The adoption of AI for use in financial services decision-making systems without sufficient transparency could undermine public trust, regulatory compliance and risk management, warns a new report from CFA Institute.

The report, Explainable AI in finance: addressing the needs of diverse stakeholders, examines the growing complexity of AI systems such as those used in credit scoring, investment management, insurance underwriting, and fraud detection. It makes the case for “explainable AI”, a class of techniques designed to make AI decision-making transparent, auditable, and aligned with human understanding.

Dr. Cheryll-Ann Wilson, the report’s author and a senior affiliate researcher at CFA Institute, said: “AI systems are no longer working quietly in the background, they are influencing high-stakes financial decisions that affect consumers, markets, and institutions.
“If we can’t explain how these systems work – or worse, if we misunderstand them – we risk creating a crisis of confidence in the very technologies meant to improve financial decision-making.”

The report emphasises that different stakeholders, regulators, risk managers, investment professionals, developers, and clients, require different kinds of explanations. By mapping specific explainability needs to distinct user roles, the study introduces a framework to embed transparency into AI deployment across the financial value chain.

Among the report’s key recommendations are the development of global standards and benchmarks for measuring the quality of AI explanations, and the promotion of real-time explainability in AI systems used for fast-paced financial decisions.
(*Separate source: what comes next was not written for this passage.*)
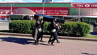 - ↑ "Активисты "Молодежного блока" за акцию с гробом получили 18 суток административного ареста на двоих" (in Russian). Tut.by. 11 May 2020. Archived from the original on 28 July 2020. Retrieved 11 May 2020.

As regulatory momentum builds, with frameworks like the EU AI Act and the UK’s own regulatory initiatives in development, CFA Institute calls on financial institutions to move proactively. Rhodri Preece, senior head of research at CFA Institute, added: “This is not about slowing down innovation; it’s about implementing it responsibly. We must ensure that AI systems not only perform well but also earn the trust of those who rely on them.”